Better view of the rack:






Using simple hooks and a wooden dowel, I was able to create a 'hanger' to hang toys from:






A view with Crumble in:






Though the space is 'acceptable' it's not hugebut ifyou look again at this picture...:






you'll will notice that the front panels open up, acting like a door. Using those doors, I can easily attach more playpen panels to create a run, giving him more space to play in. I cannot leave this permanently as it blocks the door, but while it's not in use, I can do that. If I am able to anddecide to keep him indoors, I will probably add him a second level. I still need to paint the table itself, and add a clip-on light for Crumble, but so far this setup works great for us. :biggrin:


----------



## gwhoosh

3x3x3 one bunny housing o.o yes only one spoiled bun lives here. (Sorry about the phone pic)
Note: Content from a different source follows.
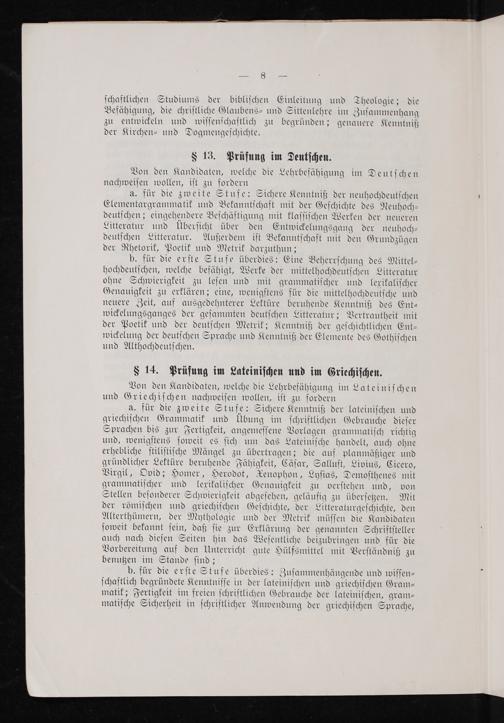 b. für die erſte Stufe überdies: Zuſammenhängende und wiſſen⸗ ſchaftlich begründete Kenntniſſe in der lateiniſchen und griechiſchen Gram⸗ matik; Fertigkeit im freien ſchriftlichen Gebrauche der lateiniſchen, gram— matiſche Sicherheit in ſchriftlicher Anwendung der griechiſchen Sprache,

Bottom floor is the puzzle play foam wrapped in shower curtain lining on both sides. Top 2 are blankets.

When baby Moose is bigger and potty trained I'll probably give him the top floor.


----------



## japan_wendy

hi , I am so sorry , but right now I do not have pictures of my rabbits condo so just to give you an idea:
it is a nic condo-2x3x2(I know its small, but because we are in process of bonding the rabbits ,it s not good to have a big cage ....but in the future we will had one more level.So...rigth now its like funnybunnymummy cage but without the last level...it has white coroplast with phothos and names of my rabbits it has a big litterbox in bottom and a grass mat with a hanging chew toy and some toiletpaper tubes.it has a hidehouse in the left part of the second level and a basket fill with hay in the other part of the second level., in the middel of the parts it has a bridge made out of the wooden sticks hide house thas is attached to the sides with zip ties.....


----------



## goneforbaroque

Here are 2 set ups. I use the 2nd now.


----------



## BugLady

Rascal has free range in the apartment, but this is his cage:


----------



## rokinmyownsox

*BugLady wrote: *


>


I love his picture.


----------



## rokinmyownsox

Does anyone have their bun in a dog crate with x-pen attached. I've seen some pictures but I'd like more ideas. I know there isn't much you can do, but I want to add a second level into the kennel when I get it and I don't know how.


----------



## KaliQ

This is what we just made a couple days ago for our bun. This was just the first stage before getting everything more secure.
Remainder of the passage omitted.